Brunswick (Géorgie, États-Unis), février 2020. Ahmaud Arbery fait son footing dans un quartier résidentiel. Pour le voisinage blanc, ce jeune homme noir qui court est suspect. Traqué, il sera tué à bout portant, à l’âge de 25 ans.
La loi et l’ordre racial retrace l’histoire de ce crime et de ses procès, qui ont failli ne pas se tenir, n’étaient les vidéos prises par les assaillants eux-mêmes. David Diallo montre, à travers cette affaire à rebondissements, de son classement comme « homicide justifié » jusqu’aux multiples condamnations des meurtriers, tous les obstacles qui ont dû être surmontés avant que la justice ne soit rendue.

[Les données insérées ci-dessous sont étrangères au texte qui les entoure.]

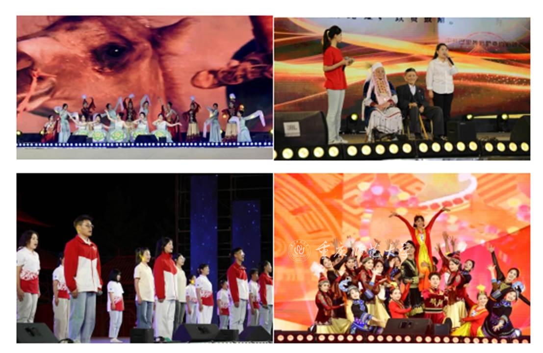 课程中,由beat365中文官方网站社会实践服务团与巴里坤哈萨克自治县中学生代表共同演绎的原创情景舞蹈《丝路遗风》,以优美舞姿再现千年古道盛景,深情联结渝哈两地,带领观众领略跨越时空的丝路文明魅力;情景讲述《新丝路上的故事》通过生动对话,深情展现巴里坤走马医生马加义·吾拉里汗的无疆大爱,县发改委副主任蔡甲,全国民族团结进步模范个人高彩萍及农牧投加工负责人吴宏的激情讲述,呈现一代代人投身建设、不负时代的奋斗篇章;beat365中文官方网站第27届研究生支教团新疆分队与巴里坤哈萨克自治县在岗西部计划志愿者代表带来青春宣言《手牵手,进新疆》,誓言铮铮,彰显他们投身边疆,奉献祖国的坚定信念,让青春在奋斗中绽放绚丽之花;民族歌舞《团结就是石榴花》为观众带来一场视听盛宴,实践团成员与当地学生手牵手共绘五彩民族画卷,心连心同筑坚韧的团结之城,肩并肩齐赴繁盛的复兴征途。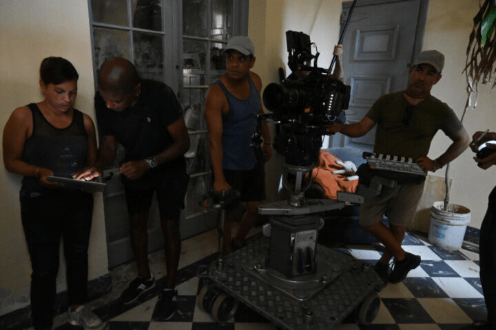 Realizadores audiovisuales en un set de filmación de la productora audiovisual independiente i4films, en La Habana. La producción audiovisual independiente en Cuba no escapa a la crisis general de financiamiento y muchas veces deben buscar múltiples vías para ser rentables.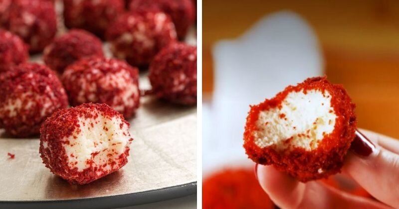 Красный бархат является одним из самых популярных десертов, и не случайно! Нежное и такое удачное сочетание вкуснейшего сливочного крема с мягким красочным бисквитом может привести в восторг любого человека, даже того, кто не очень любит десерты. Попробуйте приготовить красный бархат по-новому — это замечательный десерт «на один укус», который станет хитом вашего вечера! Для красного бисквита приготовьте маффины из следующих ингредиентов (кол-во на 12 шт): Крем для десерта состоит из следующих ингредиентов: Приступаем к приготовлению: 1. Ингредиенты для крема смешать и немного взбить миксером до небольшой пышности. Затем выложить на противень небольшие порции в форме шариков и отправить в морозилку на час. 2. Соединяем все сухие ингредиенты для маффинов, тщательно перемешиваем. Добавляем растительное масло, сливочное масло комнатной температуры, а также яичные желтки, взбиваем миксером. Постепенно вливаем кефир, уксус и краситель. Взбиваем белки в пики, аккуратно вмешиваем в тесто. Вы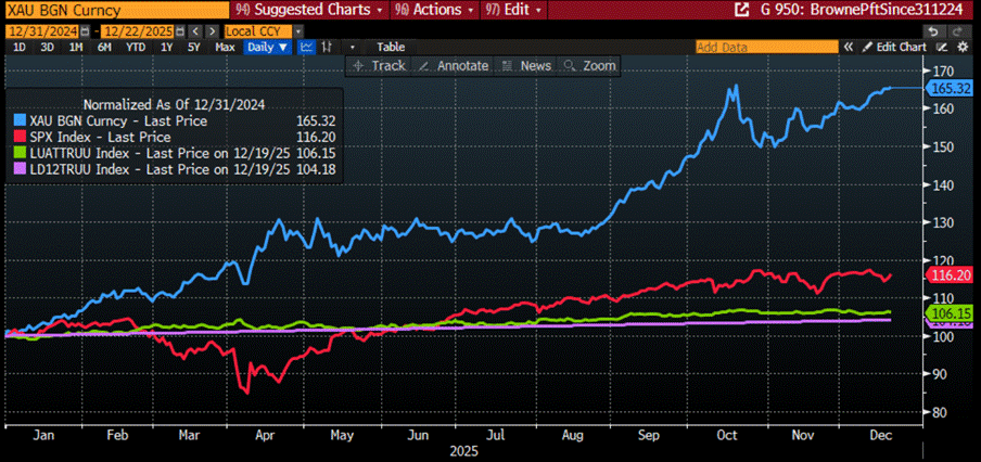 Nominal (not ‘CP-Lie’ adjusted) performance of $100 invested in physical gold (blue line); S&P 500 index (red line); Bloomberg US Treasury Index (green line); Bloomberg US Treasury Bill: 1-3 Months Index (purple line) since 31/12/2024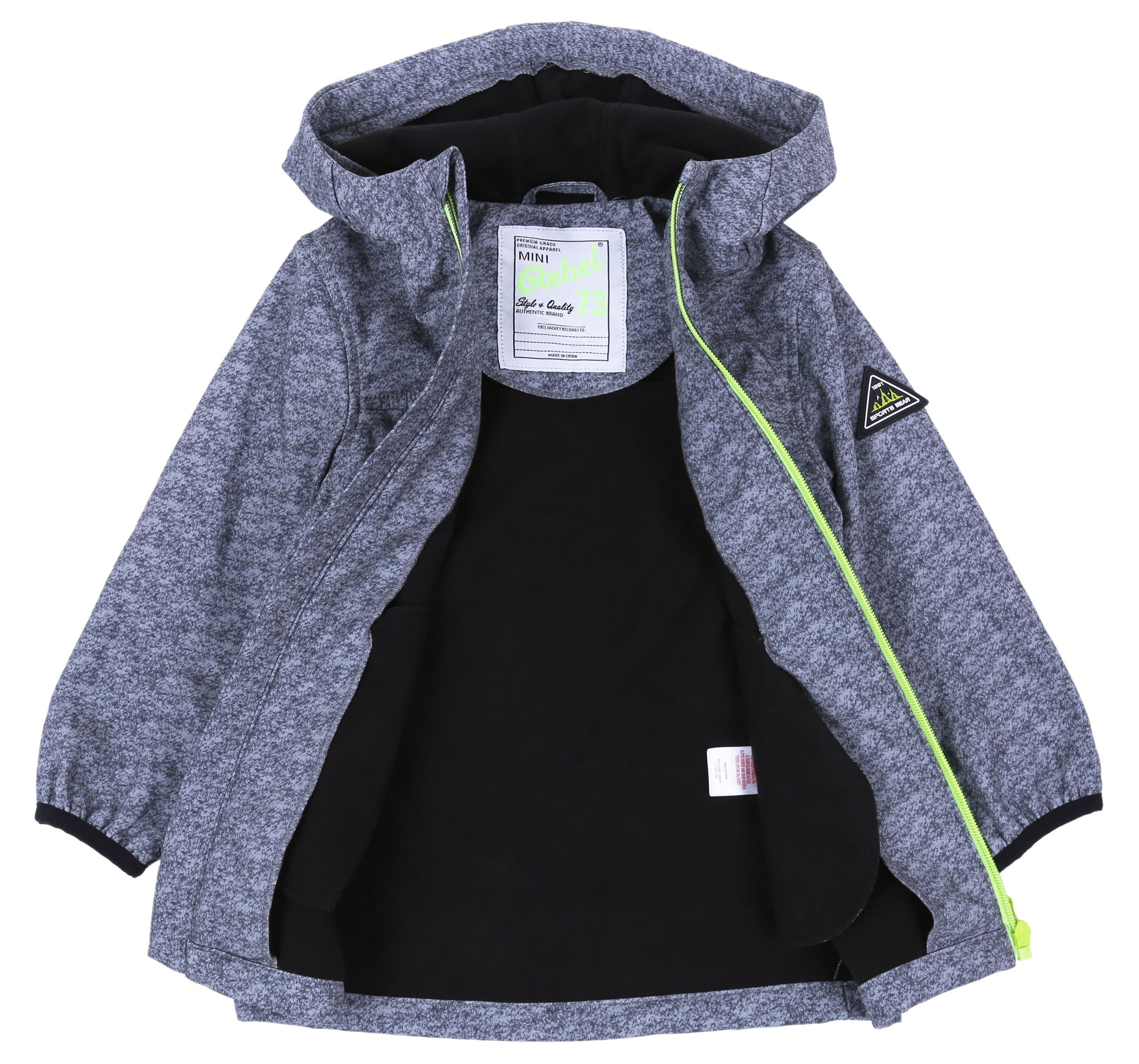 Szara, melanżowa kurtka, z kapturem i zielono neonowymi elementami.

Il décrypte l’imaginaire raciste et suprémaciste blanc qui rend possible de tels actes et le sentiment d’impunité de leurs auteurs, à travers une généalogie richement documentée des dispositions juridiques qui encadrent, ou plutôt encouragent, aussi bien le port d’armes, la « légitime défense » dans une acception extraordinairement étendue, que l’« arrestation citoyenne », terreau des abus de justiciers autoproclamés et de la persistance des meurtres par lynchage.
Les lois et la jurisprudence qui les favorisent, de même que la large exclusion des Africains-Américains des jurys, sont ancrées dans une histoire judiciaire et culturelle de discriminations de fait, voire de droit, issue des périodes esclavagiste et ségrégationniste, perpétuant une violence dont les personnes noires restent proportionnellement les principales victimes.

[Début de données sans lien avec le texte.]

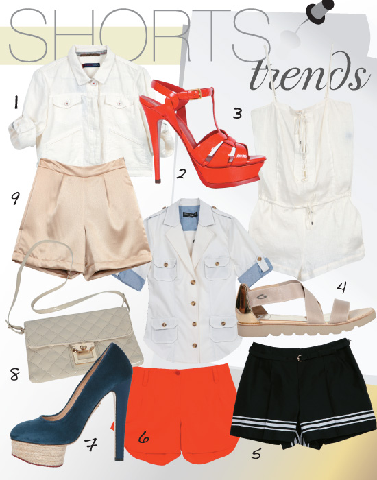 1. Πουκάμισο, Dolce & Gabbana Boutique / 2. Πλατφόρμα Ysl, AMICCI STUDIO / 3. Λευκό jumpsuit / 4. Σανδάλι, Alberto Guardiani, MIXAGE / 5. Σορτς, GUCCI BOUTIQUE / 6. Σορτς, Patrizia Peppe Boutique / 7. Πλατφόρμα. Charlotte Olympia L.A BOUTIQUE / 8. Τσάντα, Blugirl, MIXAGE / 9. Σορτς, G. Englezos, MONOENA.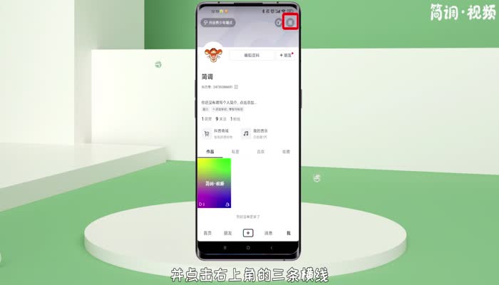 1.打开Tik Tok,切换到“我”界面,点击右上角的三条水平线;

Ce livre propose donc de détailler le constat dressé par Martin Luther King Jr., Malcom X, Fred Hampton, Angela Davis et bien d’autres figures emblématiques du combat pour l’égalité des droits dont le mouvement Black Lives Matter est le dernier représentant en date, à savoir que le système de représentations du Noir comme menace dans la société américaine (pour la femme blanche, pour la classe ouvrière blanche, pour une préséance blanche et ses intérêts de classe, de genre…) a, dans un premier temps, infecté un imaginaire national.
Un imaginaire au cœur duquel est solidement gravée la croyance que la valeur d’un Noir serait moindre que celle d’un Blanc, qu’un Noir serait « naturellement » moins doué et moins méritant qu’un Blanc, que ces différences justifient son contrôle, son asservissement, sa répression par le lynchage, son exclusion du droit, son incarcération et sa persécution.